Let #R# be the radius of the incircle.
Radius of incircle of a right triangle #R = (a*b)/((a+b+c)#, where a and b are the legs of the triangle and c is the hypotenuse.
To get the largest possible radius of the incircle, 12 should be the smallest side of the triangle.
As this is a multiple-choice (objective) question, let's start with trying Option #D (R=5)#
Let #a# be the smallest side =#12#
#=> R=(12b)/(12+b+c)=5#
#=> c=(7b-60)/5# ...............(1)
As the triangle is right-angled, #=> c^2=a^2+b^2#
#=> c^2=144+b^2# ....... (2)
Substituting (1) into (2), we get #b=35, c=37#
So the triangle is in the ratio of : #12:35:37#
Check : #12^2+35^2=1369=37^2#, (OK)
#R=(axxb)/(a+b+c)=(12xx35)/(12+35+37)=(420/84)=5#,
Hence, option #D# is the answer.
...........................................................................................................
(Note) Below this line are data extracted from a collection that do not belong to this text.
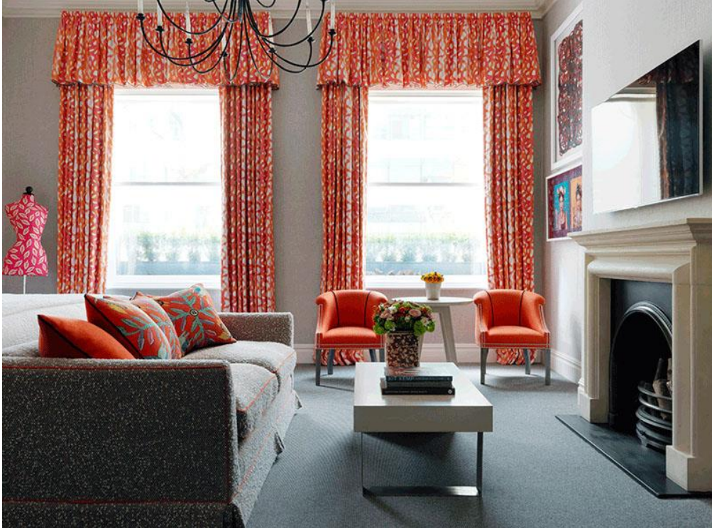
Fathom Hot Pink Curtains, Interiors by Firmdale Hotels
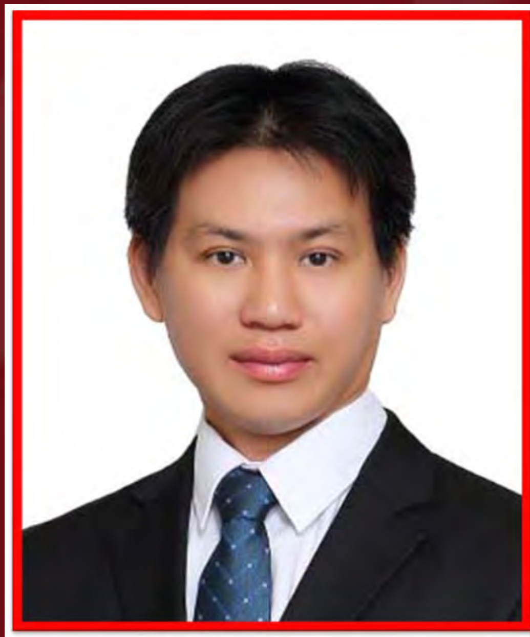
DIRECTOR OF DEVELOPMENT (WOMEN)
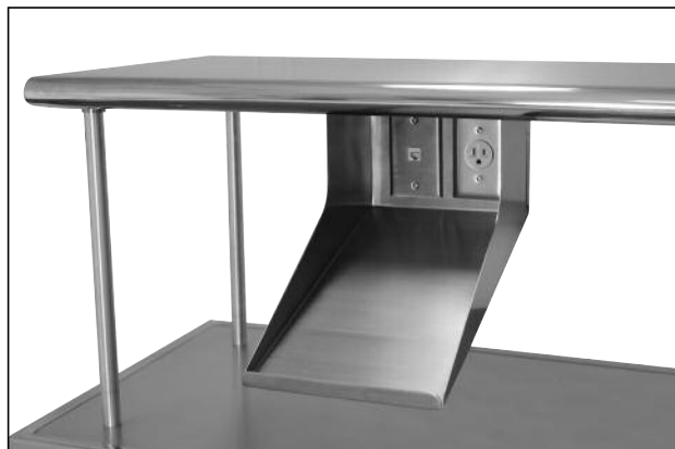
FACTORY INSTALLED ONLY
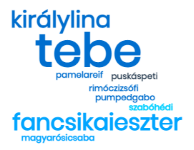
Table 5. Most followed green influencers by the answers

As you can see in Table 5. most of the influencers seen in this picture are in connection with veganism in one way or another. Also, Tebe is a shop but also the name of an influencer's brand. They sell products without any packaging.
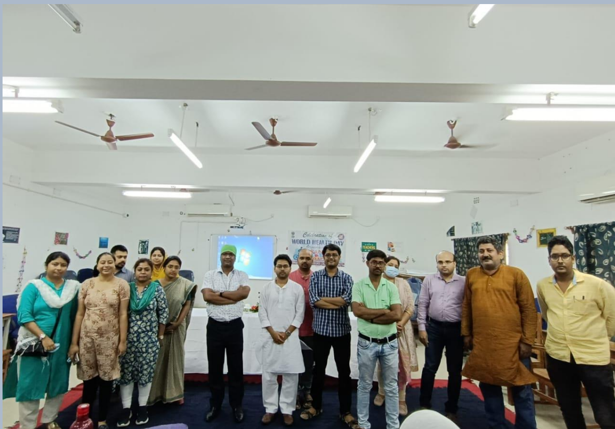
FIG. 4: THE SPEAKER WITH THE FACULTY MEMBERS
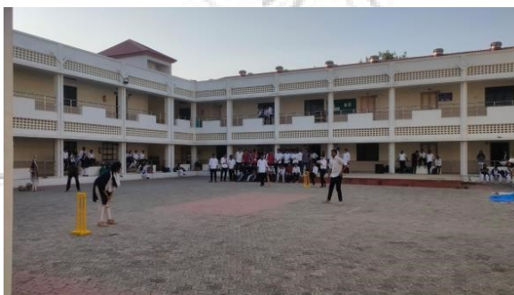
The Finals of Box Cricket.
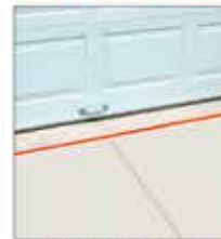
Walks/Driveways and concrete joining other materials
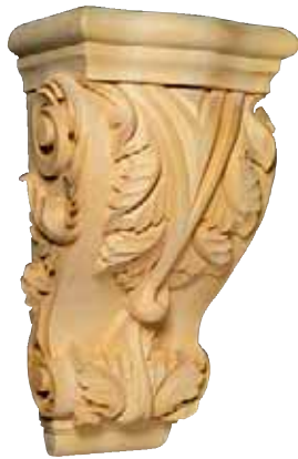
CRV5097 Large Acanthus 7 7/8" x 14 1/2" x 6"
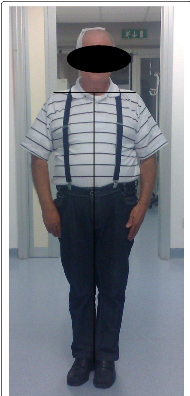
Figure 3 Patient in standing position after intervention.

Four days after haematoma evacuation, both tonic trunk flexion and weakness in left upper limb dramatically improved until complete resolution. The patient maintained adequate standing position and did not swerve to the left during walking.
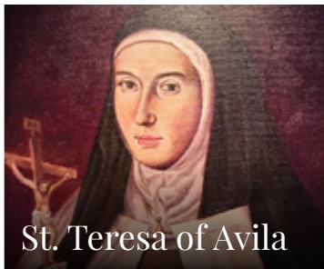
St. Teresa of Avila
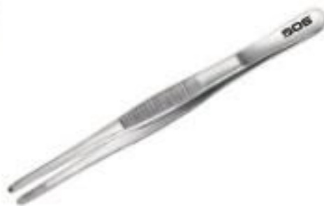
Dissecting Forcep (Plain)

Size : 150/200mm (6"/8" approx) Economy - Deluxe
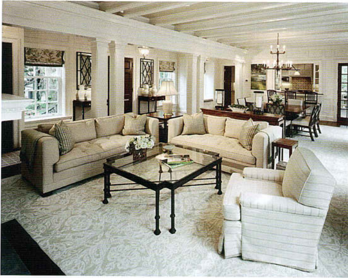
Significant entertainment room
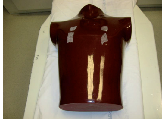
FIGURE 2: Image of adult anthropomorphic torso phantom (RS 310 lung/chest phantom, Fluke Biomedical) used.

The phantom was scanned using the parameter clinically used for adult chest CT protocol (256-MDCT, Siemens Medical solutions, Malvern, PA) consisting
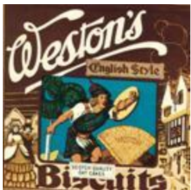
Weston's English Quality Biscuits, 1923.
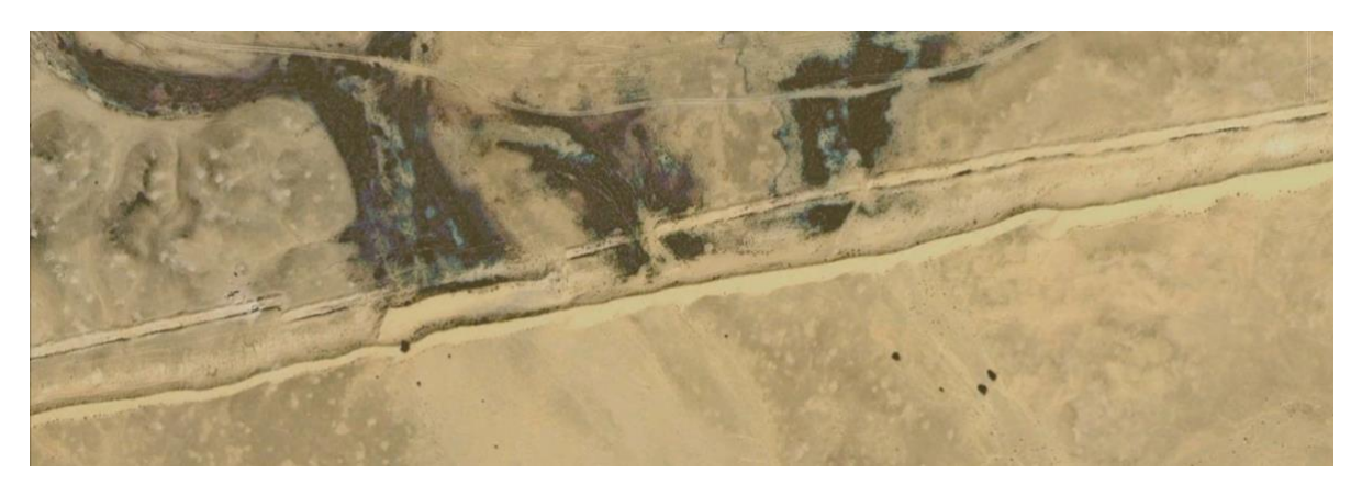
Figure 3. Drainage channels blocked by the Moroccan Berm, located some 20 km south-southwest of Oum Dreyga, at 23.9440 N; 13.3456 W. One of many such examples along the Berm.

Rainfall is projected to decrease over the western Sahel region, covering Mauritania, western Mali, and southern Western Sahara, while droughts are expected to become more prevalent and severe. The impacts of any reduction in rainfall will be amplified by higher average, minimum and maximum temperatures, and more severe heat extremes, which increase evaporation and therefore reduce surface runoff, soil moisture, and groundwater recharge rates and levels. Droughts will be particularly severe when they coincide with episodes of extreme heat, due to higher evaporation rates. At the same time, higher temperatures and heat extremes increase water demand for domestic consumption, livestock, and agriculture. The higher temperatures of the Saharan interior, and the greater projected warming in the Liberated Territories and the area hosting the camps mean that these impacts — and their secondary impacts on food production and food and water security - will be more pronounced for the displaced Sahrawi population and those living in the area under SADR control.
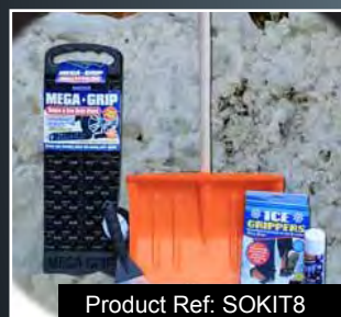
Product Ref: SOKIT8

This easy to use snow shovel makes light work of heavy snow. Made from plastic which means the snow will slide off quickly and easily. Also ideal for spreading salt and grit. Shovel head is 12 inches x 16 inches.
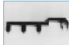
Film clip RiXmatic one/two for all miniature formats
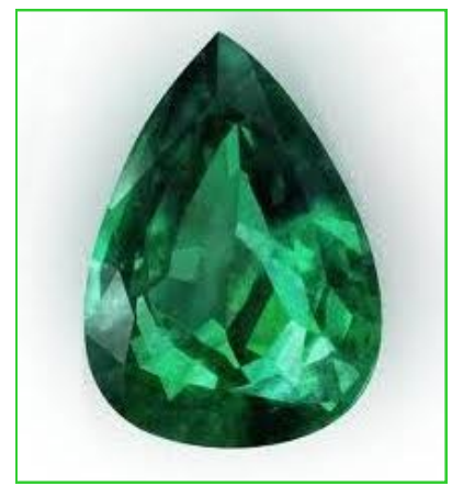
6.84 Carat Fine Gem Emerald From the Author's Collection

May's birthstone is the fabulous variety of Beryl known as Emerald . Beryl forms commonly as simple, prismatic, hexagonal crystals, whose prism faces are often vertically striated or grooved. It has indistinct cleavage on the basal {0001} plane, and conchoidal or uneven fracture. Hardness varies from 7.5 - 8.0 on the Moh's Scale, with relatively-fragile emerald usually coming in closer to 7.5. It has a density of roughly 2.7. It has a vitreous luster, is transparent to translucent, and large crystals can vary in transparency. This is especially true with emerald, whose formation happens in such violently magmatic conditions as to virtually assure a variety of inclusions (emeralds are known for their Jardin , a French word for "Garden"- the mass of inclusions leaves the impression of a painted garden landscape…)
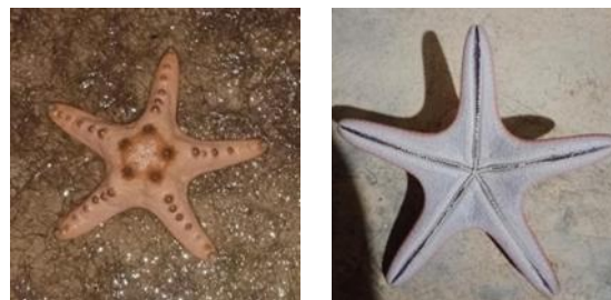
Figure 3. Protoreaster nodosus

This species is found in seagrass beds quite far from the coast. It lives hidden under the cover of seagrass branches, tends not to live in groups, and is only occasionally seen in proximity to other individuals. Ernawati et al. (2019) stated that Protoreaster nodosus is a species of the class Asteroidea that prefers specific microhabitats such as seagrass beds. Seagrass habitats are used by Protoreaster nodosus as places to shelter and forage. The types of food consumed by Protoreaster nodosus in seagrass areas include decaying seagrass leaves, microbes, macroalgae, and detritus.
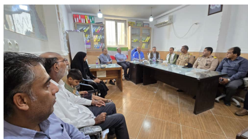
Pre-meeting for organizing exercise.

Footnote : the solution below is a much better one. A big "thank you" to #dk#_#ch# for kindly providing such an excellent solution.
We have #c^2−b^2=144#, where #c# is the hypotenuse and #b# is another side. #c>b#. By the given condition both #c and b# are integers.
Now #(c+b)(c−b)=144=72⋅2#...[1]
Here both #(c+b)and(c−b)# are even integers as their product #144# is even one.
To get maximum integer value satisfying the given condition both #c and b# will have large integer value and the value of #c−b# will have minimum possible even integer value.
So the minimum integer value of #(c−b)# should be #2#, i.e., #(c−b)=2#.
So from relation [1]
we have #(c+b)=72 and (c−b)=2#
Thus we get #c=37 and b=35#.